------ Data extract ------

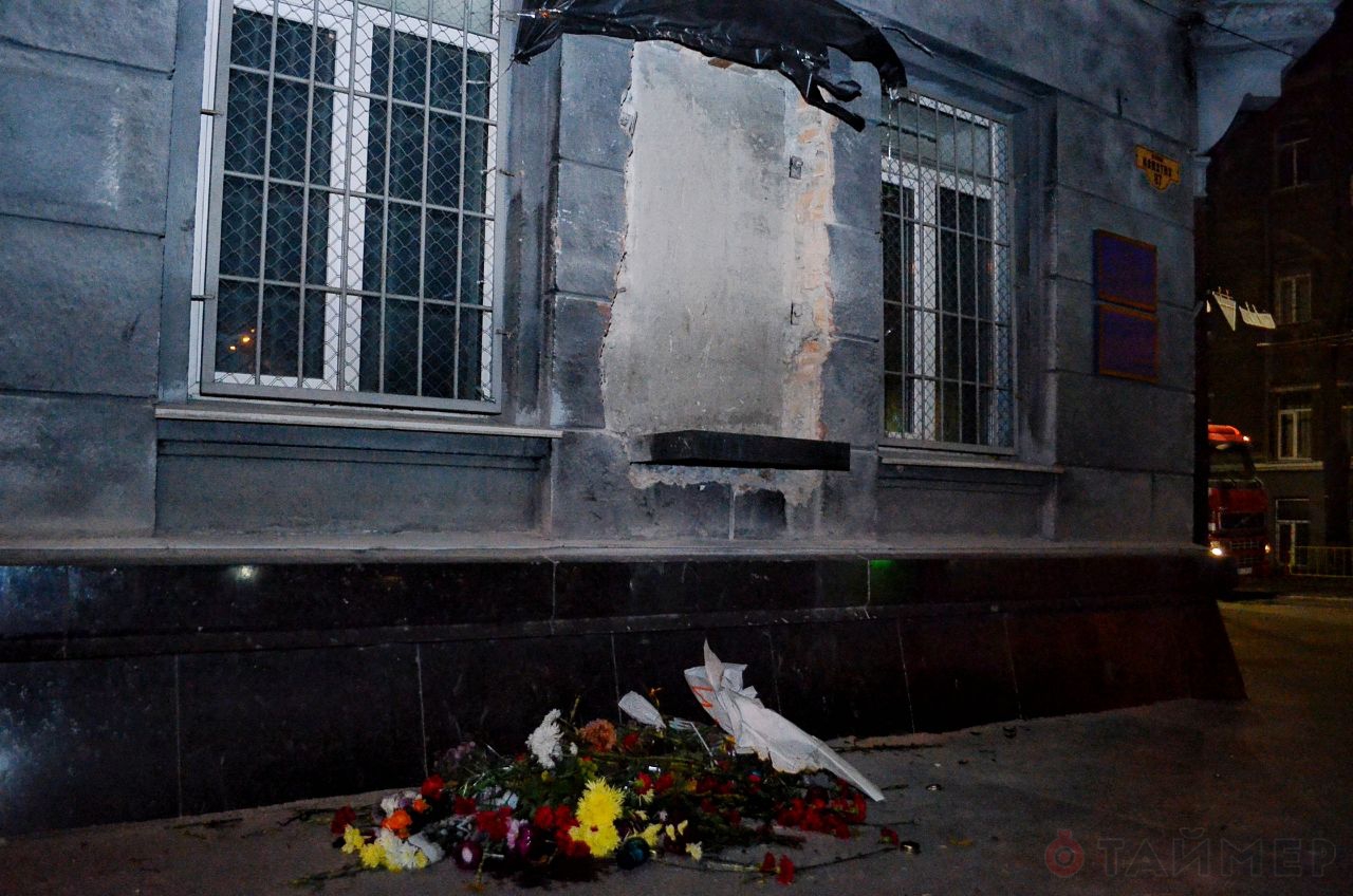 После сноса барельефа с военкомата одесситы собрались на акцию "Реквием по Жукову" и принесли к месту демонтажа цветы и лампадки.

------
------ Data extract ------

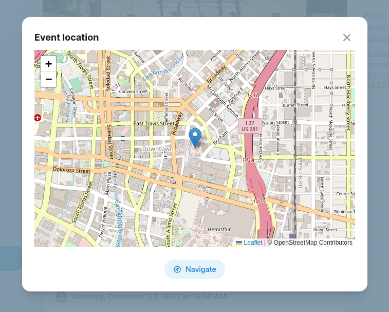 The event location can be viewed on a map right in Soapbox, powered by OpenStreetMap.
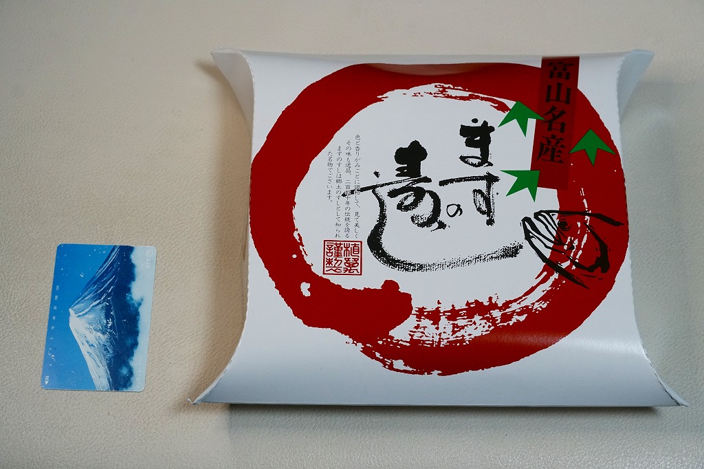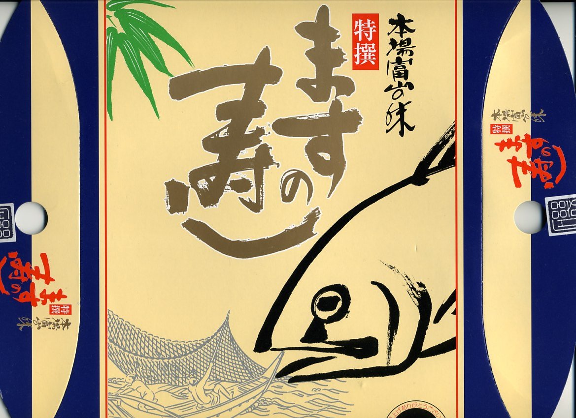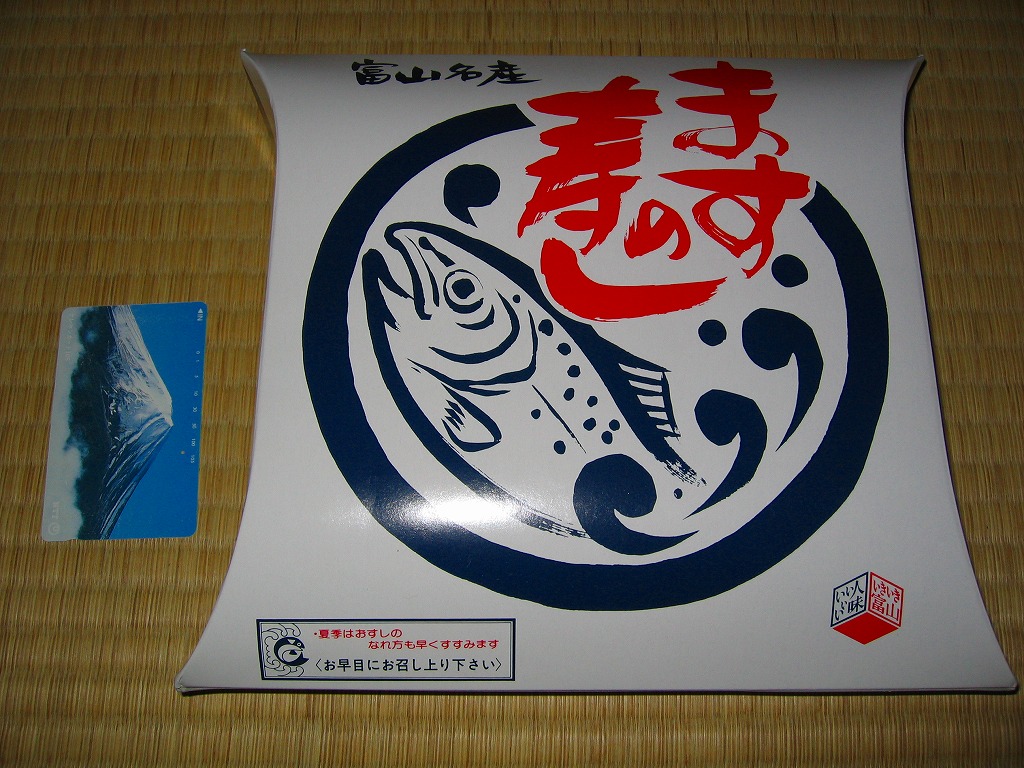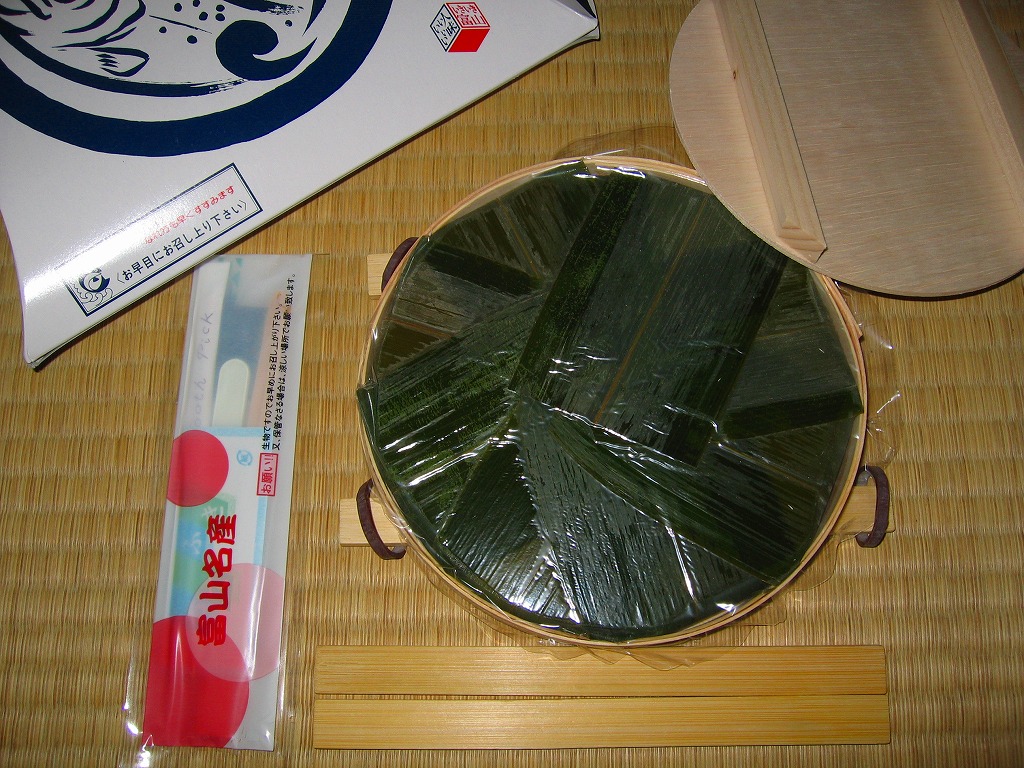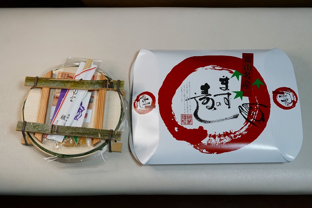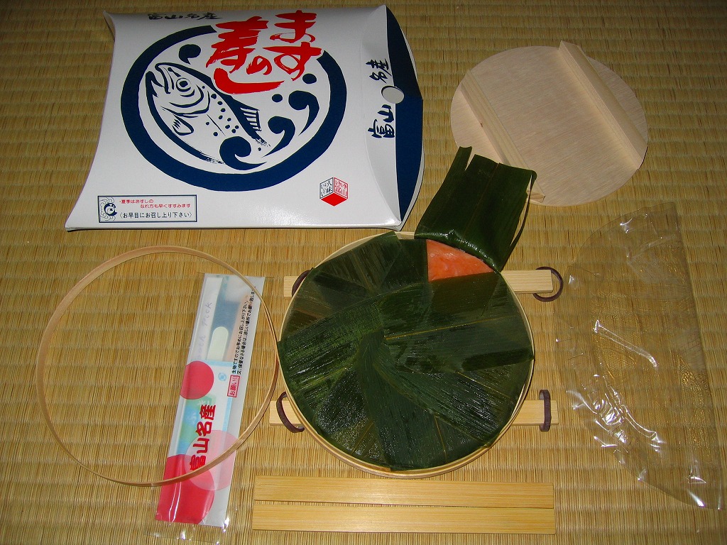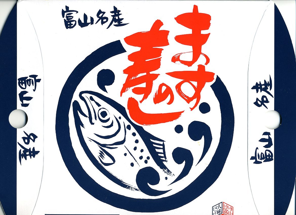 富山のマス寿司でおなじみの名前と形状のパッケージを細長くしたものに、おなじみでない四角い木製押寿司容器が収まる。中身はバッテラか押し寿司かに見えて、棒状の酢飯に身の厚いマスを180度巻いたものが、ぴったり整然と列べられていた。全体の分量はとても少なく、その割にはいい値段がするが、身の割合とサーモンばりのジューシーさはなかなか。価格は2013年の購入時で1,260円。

------
------ Data extract ------

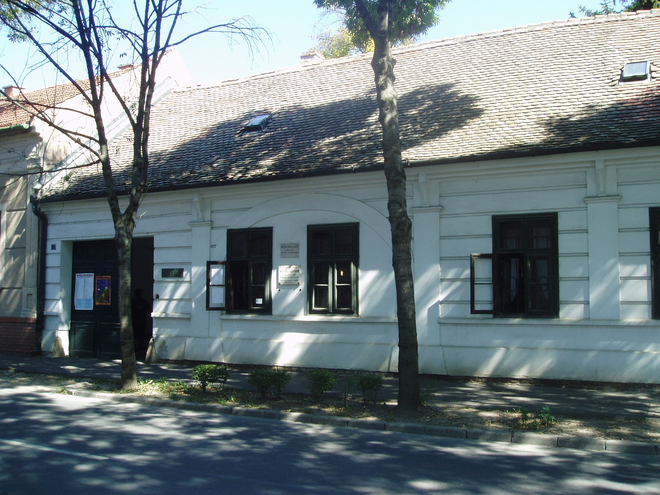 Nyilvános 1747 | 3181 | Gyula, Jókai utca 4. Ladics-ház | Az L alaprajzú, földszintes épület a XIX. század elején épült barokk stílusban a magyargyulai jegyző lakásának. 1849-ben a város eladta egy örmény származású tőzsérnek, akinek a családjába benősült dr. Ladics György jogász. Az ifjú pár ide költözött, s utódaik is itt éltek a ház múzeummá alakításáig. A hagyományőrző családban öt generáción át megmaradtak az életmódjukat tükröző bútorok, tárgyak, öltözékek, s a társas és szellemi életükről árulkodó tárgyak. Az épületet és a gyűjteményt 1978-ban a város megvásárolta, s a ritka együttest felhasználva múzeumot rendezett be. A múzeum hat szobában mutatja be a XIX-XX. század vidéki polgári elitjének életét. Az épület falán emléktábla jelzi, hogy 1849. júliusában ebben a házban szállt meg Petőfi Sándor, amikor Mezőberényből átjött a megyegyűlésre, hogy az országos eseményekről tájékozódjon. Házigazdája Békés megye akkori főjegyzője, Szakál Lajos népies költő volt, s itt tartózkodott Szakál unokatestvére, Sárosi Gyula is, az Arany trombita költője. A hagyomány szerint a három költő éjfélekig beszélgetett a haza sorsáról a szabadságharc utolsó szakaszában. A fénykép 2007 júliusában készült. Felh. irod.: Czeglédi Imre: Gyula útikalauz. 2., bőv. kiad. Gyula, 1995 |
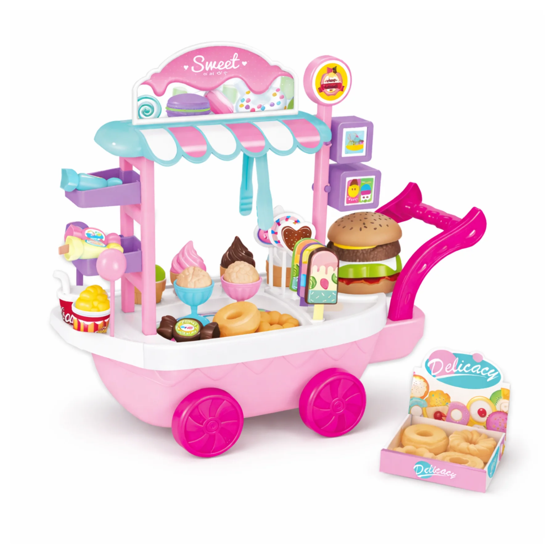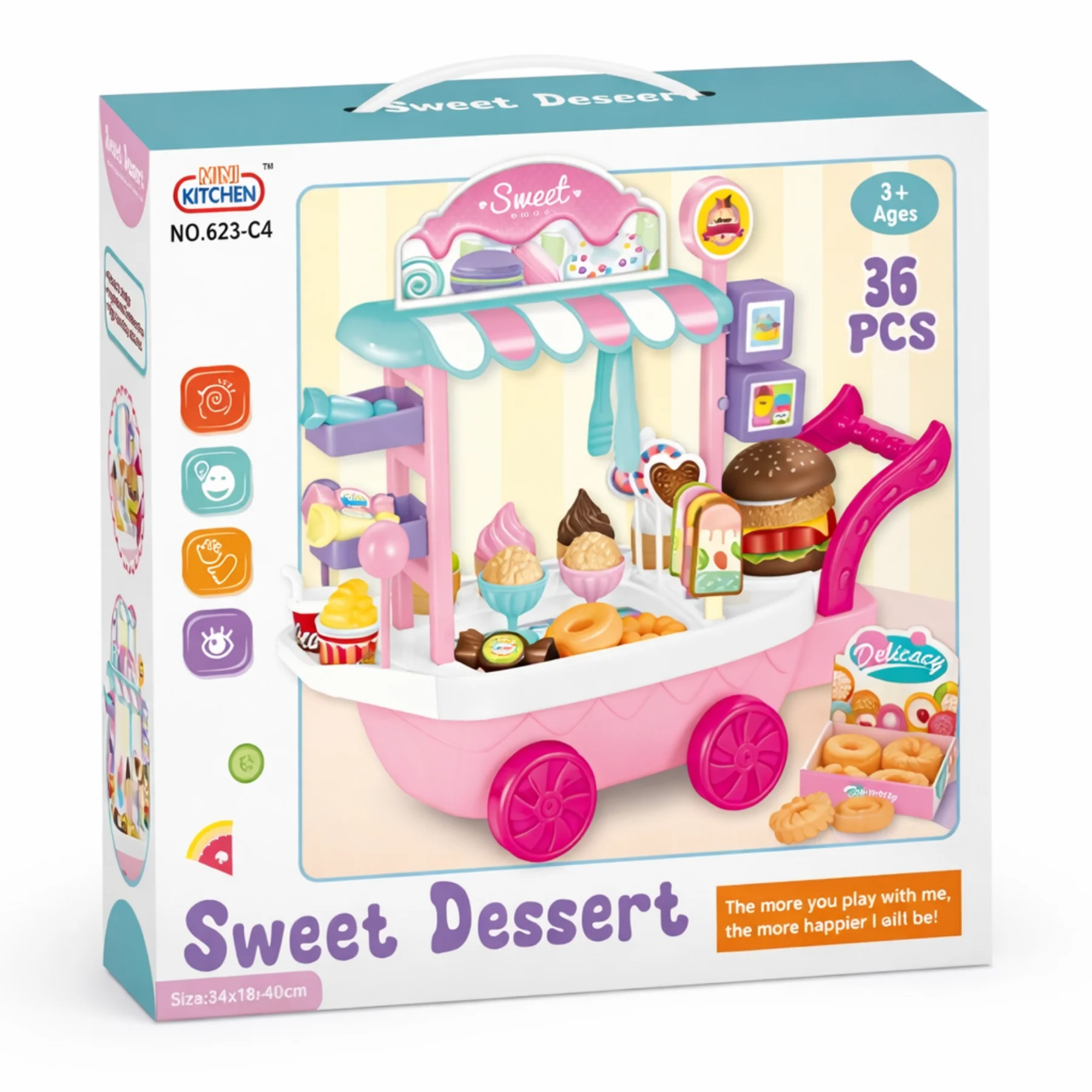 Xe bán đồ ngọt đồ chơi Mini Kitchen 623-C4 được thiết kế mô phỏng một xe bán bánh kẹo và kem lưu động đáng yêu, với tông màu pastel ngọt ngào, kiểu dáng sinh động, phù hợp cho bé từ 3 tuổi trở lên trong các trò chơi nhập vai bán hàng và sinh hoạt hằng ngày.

------

• [What the task requires] Nothing except the lines from the one containing "The event location" through the one containing "富山のマス寿司でおなじみの名" should appear in the answer, exactly as above and without pictures.

• [Task answer]
 The event location can be viewed on a map right in Soapbox, powered by OpenStreetMap.
 富山のマス寿司でおなじみの名前と形状のパッケージを細長くしたものに、おなじみでない四角い木製押寿司容器が収まる。中身はバッテラか押し寿司かに見えて、棒状の酢飯に身の厚いマスを180度巻いたものが、ぴったり整然と列べられていた。全体の分量はとても少なく、その割にはいい値段がするが、身の割合とサーモンばりのジューシーさはなかなか。価格は2013年の購入時で1,260円。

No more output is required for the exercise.